Learning whom to trust in navigation: dynamically switching between classical and neural planning

Navigation of terrestrial robots is typically addressed either with localization and mapping (SLAM) followed by classical planning on the dynamically created maps, or by machine learning (ML), often through end-to-end training with reinforcement learning (RL) or imitation learning (IL). Recently, modular designs have achieved promising results, and hybrid algorithms that combine ML with classical planning have been proposed. Existing methods implement these combinations with hand-crafted functions, which cannot fully exploit the complementary nature of the policies and the complex regularities between scene structure and planning performance. Our work builds on the hypothesis that the strengths and weaknesses of neural planners and classical planners follow some regularities, which can be learned from training data, in particular from interactions. This is grounded on the assumption that, both, trained planners and the mapping algorithms underlying classical planning are subject to failure cases depending on the semantics of the scene and that this dependence is learnable: for instance, certain areas, objects or scene structures can be reconstructed easier than others. We propose a hierarchical method composed of a high-level planner dynamically switching between a classical and a neural planner. We fully train all neural policies in simulation and evaluate the method in both simulation and real experiments with a LoCoBot robot, showing significant gains in performance, in particular in the real environment. We also qualitatively conjecture on the nature of data regularities exploited by the high-level planner.

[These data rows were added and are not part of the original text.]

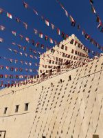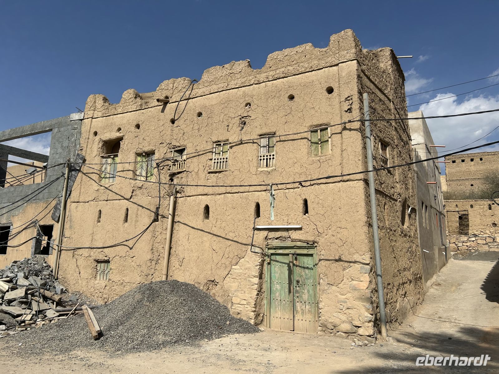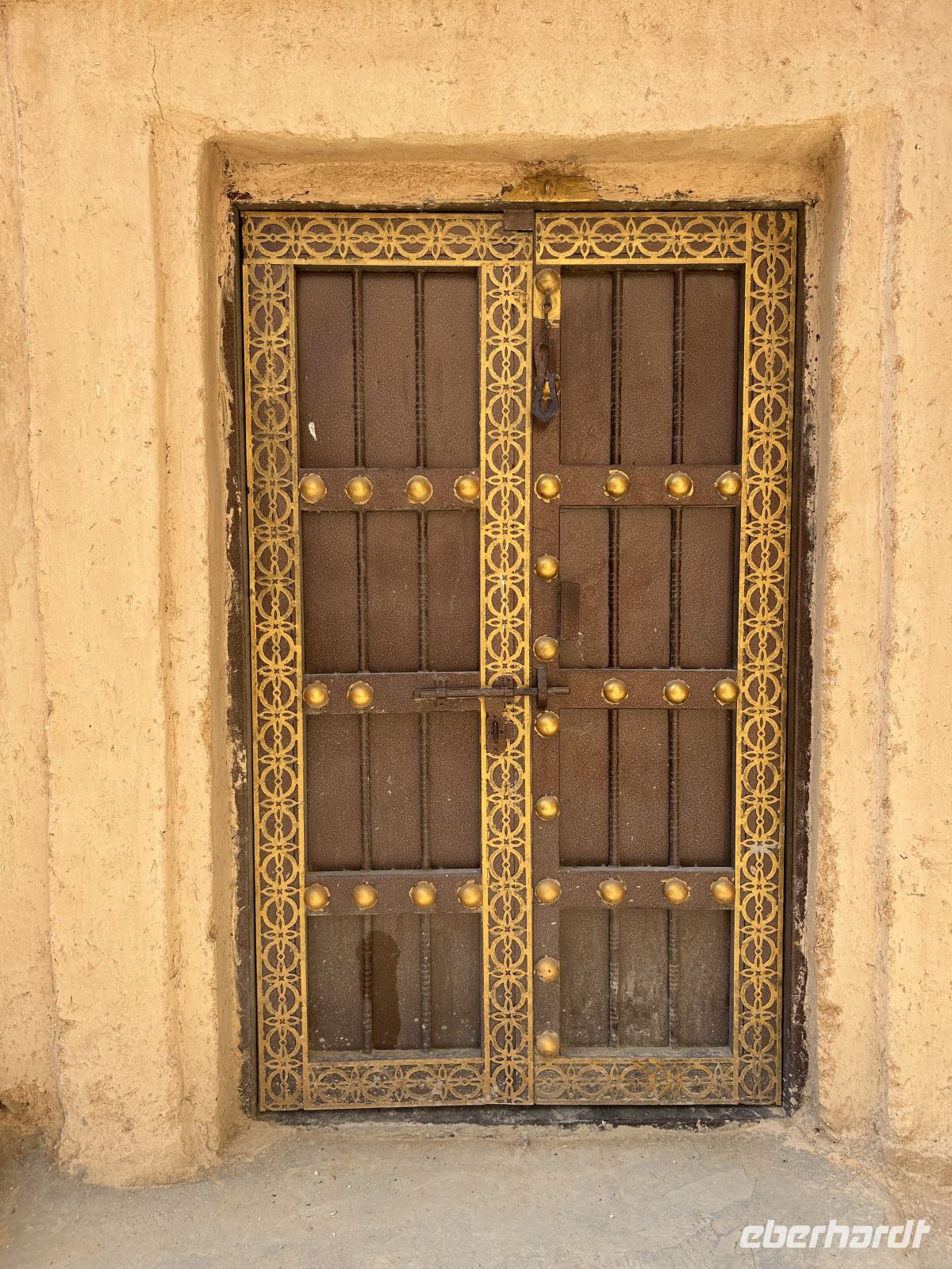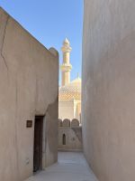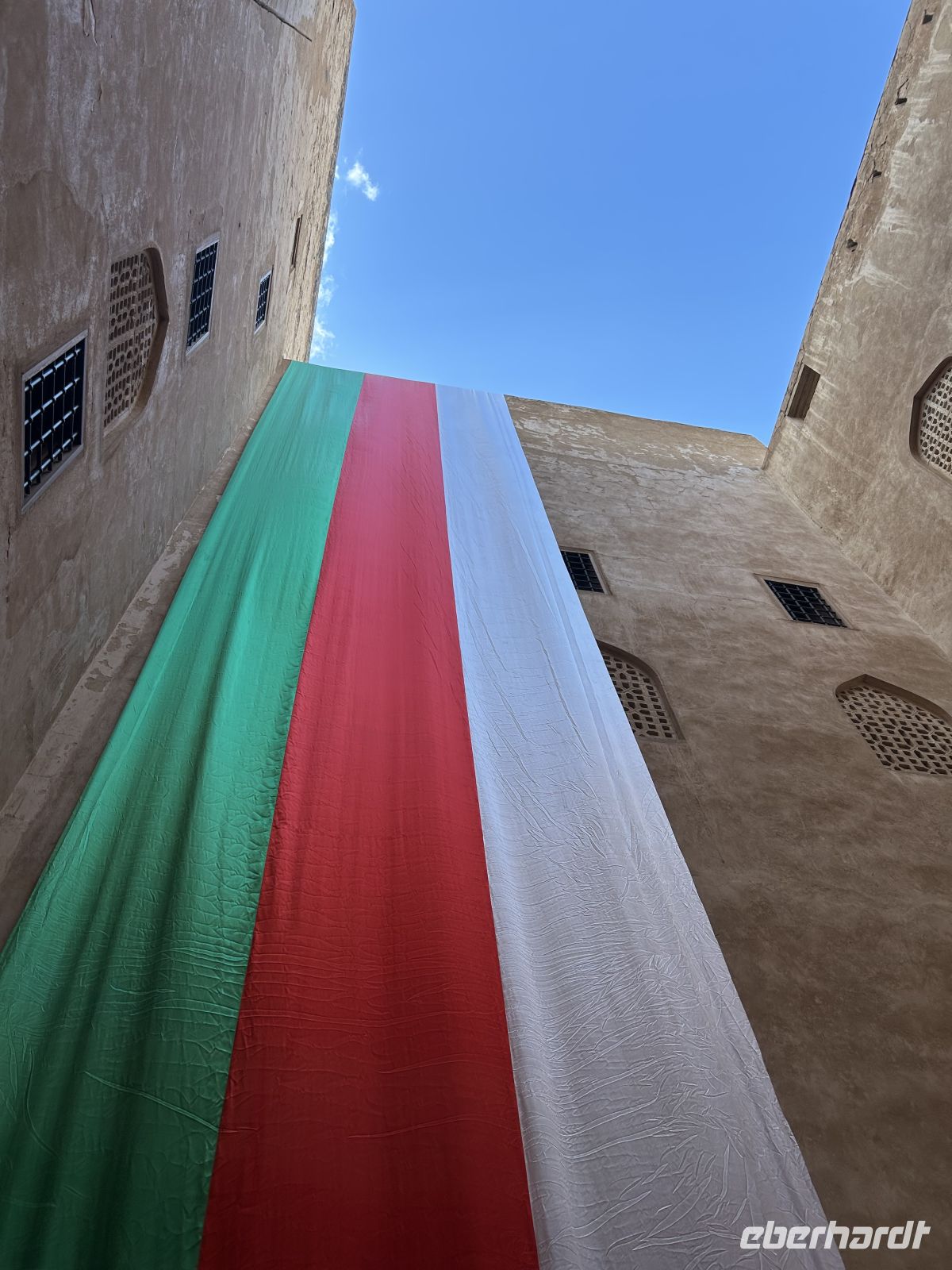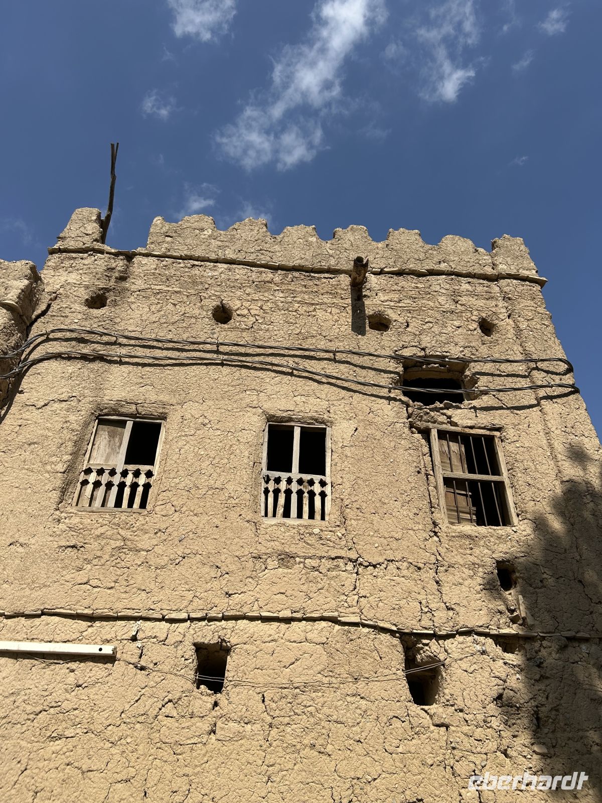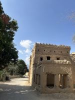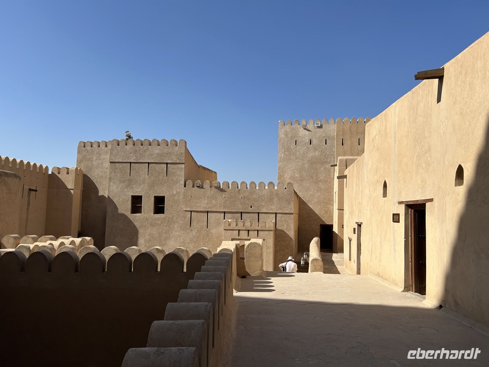 Weiter geht’s nach Al Hamra. Von einem Aussichtspunkt blicken wir über die Oase: tausende Dattelpalmen, dahinter die historische Lehmsiedlung – ein Bild wie von einer Postkarte. Beim Spaziergang durch das alte Zentrum, dessen Häuser vor wenigen Jahrzehnten noch bewohnt waren, spüren wir Geschichte auf Schritt und Tritt.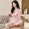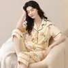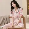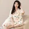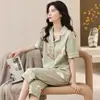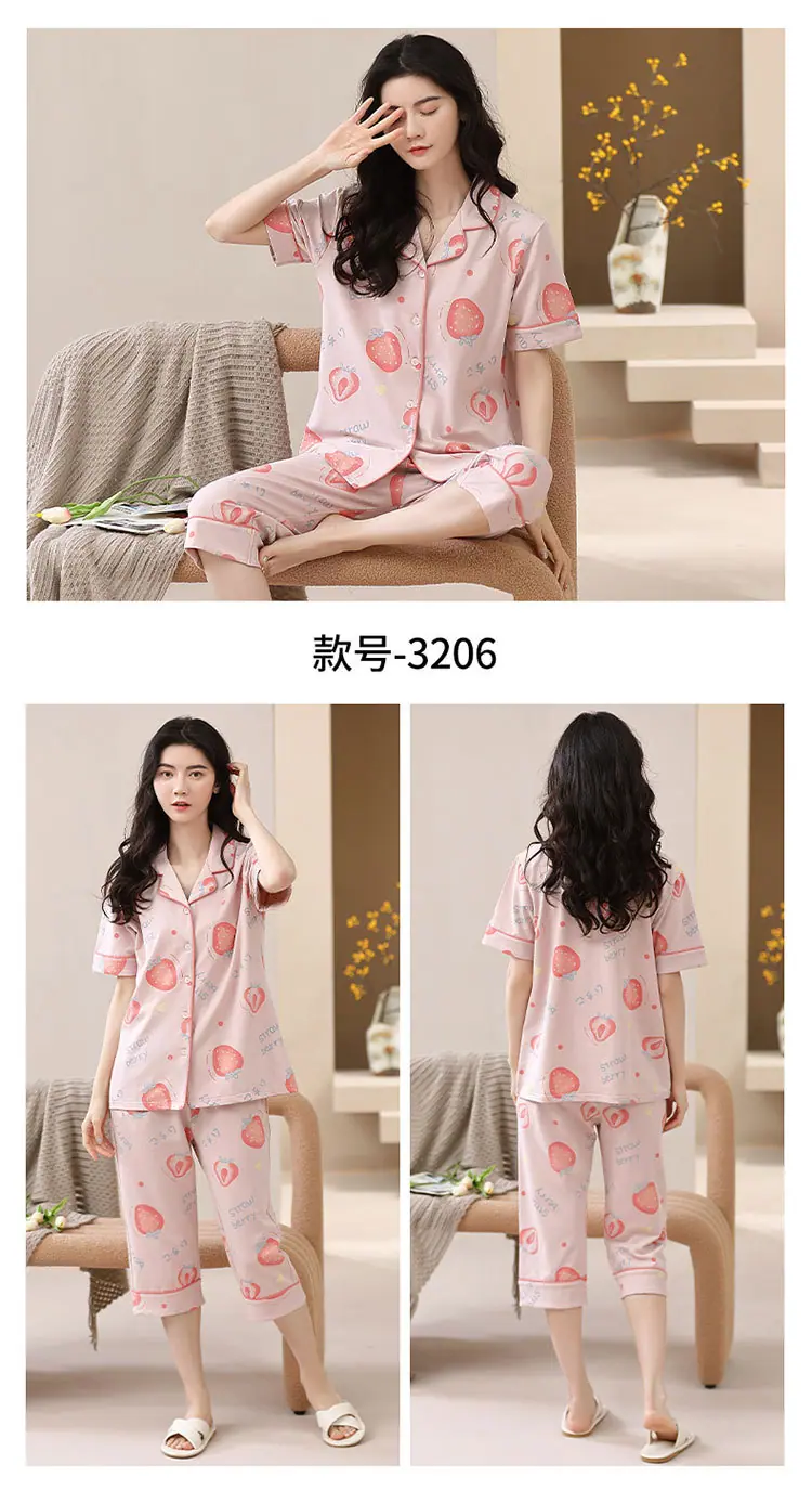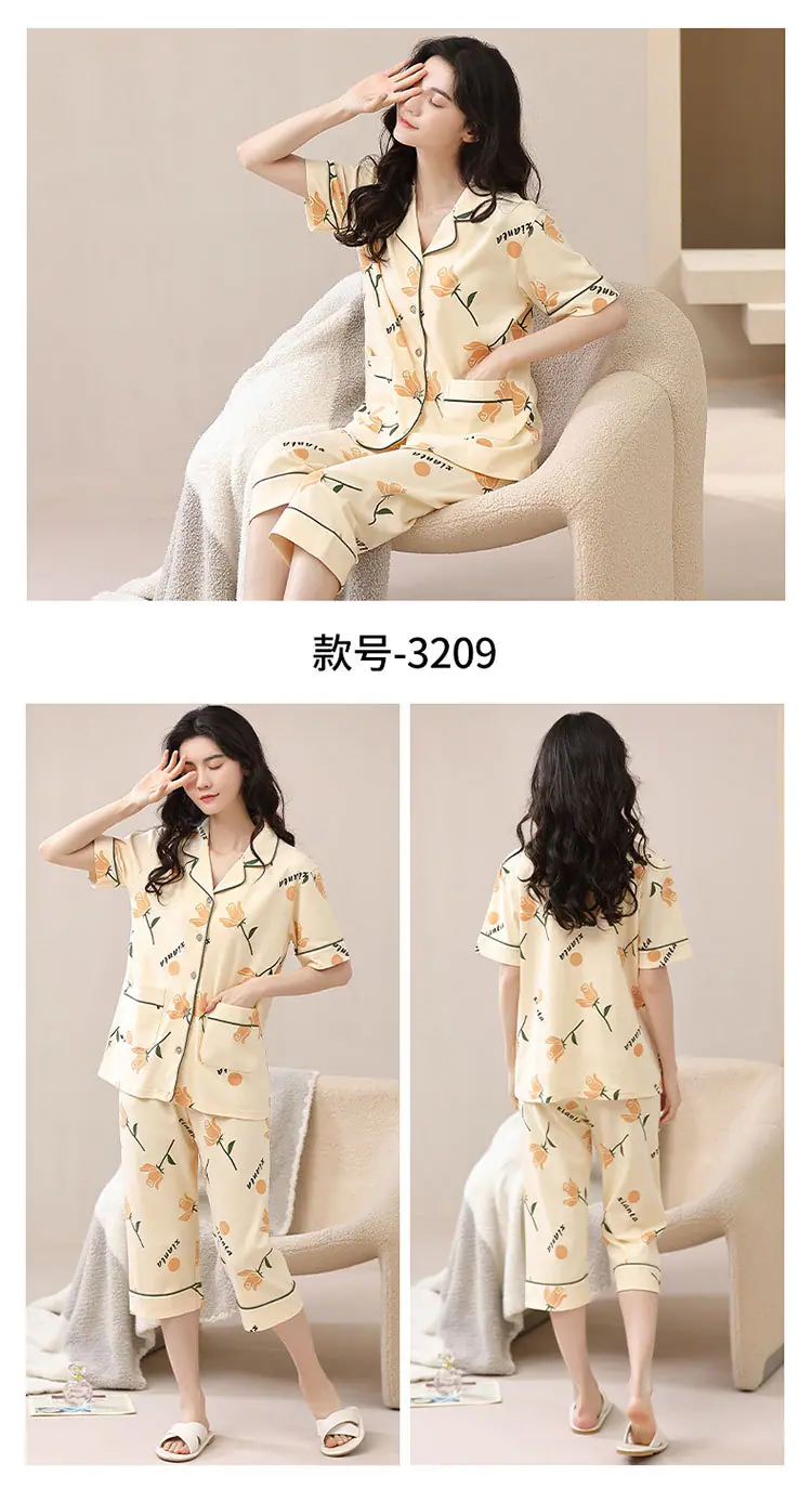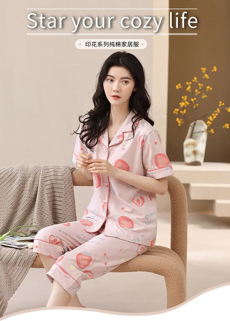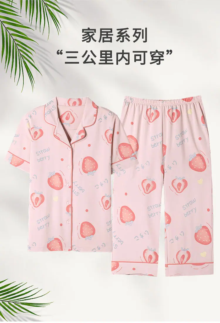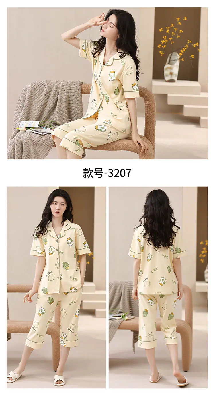 Pijama de algodón para mujer verano nuevo manga corta Nuevo pantalón capri delgado para exterior ropa de casa traje de verano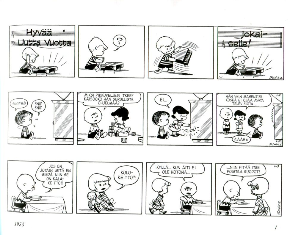 Terveisiä Ressulta1971Tekijä: Charles M.SchulzKoko: 10 cm x 13,5 cmKovat kaksivärikannetyksivärisiä sivuja: 44Kustantaja: Sanoma Oy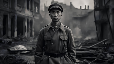 War Concept. Military man in WW2 military uniform standing on ruins of destroyed building background.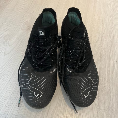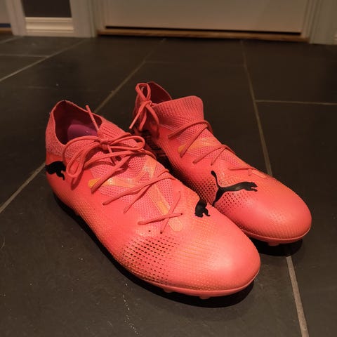 Puma fotballsko med knotter i svart og rosa mønster. Brukt en gang. Yttersåle med faste knotter som passer til spill på gress eller kunstgress. Overdelen er i syntetisk materiale som er lett å rengjøre. str. 36
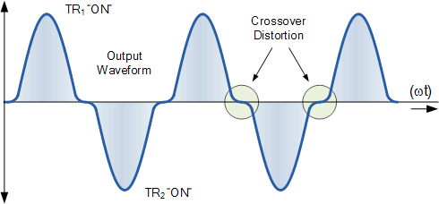 This results in one main fundamental problem with push-pull amplifiers in that the two transistors do not combine together fully at the output both halves of the waveform due to their unique zero cut-off biasing arrangement. As this problem occurs when the signal changes or “crosses-over” from one transistor to the other at the zero voltage point it produces an amount of “distortion” to the output wave shape. This results in a condition that is commonly called Crossover Distortion.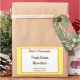 Uma etiqueta de latão ou comida personalizada com um guião retrorreflector castanho claro e escuro e letras de bloqueio num padrão de cozinha verificado de xadrez amarela e branca, com listras de laranja e verde. Este modelo tem três linhas para o seu texto personalizado, personalize-o para adicionar ou eliminar linhas, alterar fontes ou cores de fundo!
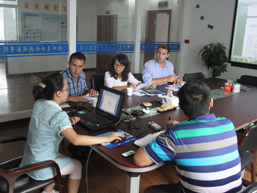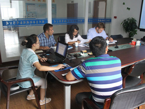 2014年9月11日,美國客戶因業(yè)務(wù)擴展需要訂制全套爆爆蛋生產(chǎn)線設(shè)備,來我公司與銷售人員和工程師進行具體細節(jié)的洽談。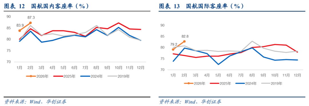 1~2月累计:ASK同比:南航(16.1%) > 东航(11.2%) > 国航(7.3%) > 海航(0.03%) > 春秋(-2.3%) > 吉祥(-7.6%),RPK同比:东航(15.7%) > 南航(14.9%) > 国航(13.1%) > 海航(5.6%) > 春秋(1.3%) > 吉祥(-4.7%)。

翻译：地面机器人的导航通常通过定位与地图构建（SLAM）随后在动态创建地图上进行经典规划来实现，或通过机器学习（ML）实现，通常采用强化学习（RL）或模仿学习（IL）进行端到端训练。近年来，模块化设计取得了有前景的成果，并提出了将ML与经典规划相结合的混合算法。现有方法通过手工设计的函数实现这些组合，无法充分利用策略的互补性以及场景结构与规划性能之间的复杂规律。我们的工作基于以下假设：神经规划器与经典规划器的优势和劣势遵循某种规律，这些规律可从训练数据中学习，特别是从交互中学习。这一假设基于如下认识：经过训练的规划器和经典规划所依赖的映射算法均会因场景语义而失败，且这种依赖性是可学习的——例如，某些区域、物体或场景结构比其他更易重建。我们提出一种分层方法，该方法由高层规划器动态切换经典规划器与神经规划器组成。我们在仿真中完全训练所有神经策略，并使用LoCoBot机器人在仿真和真实实验中评估该方法，结果显示在性能上有显著提升，尤其在真实环境中。我们还定性推测了高层规划器所利用的数据规律的本质。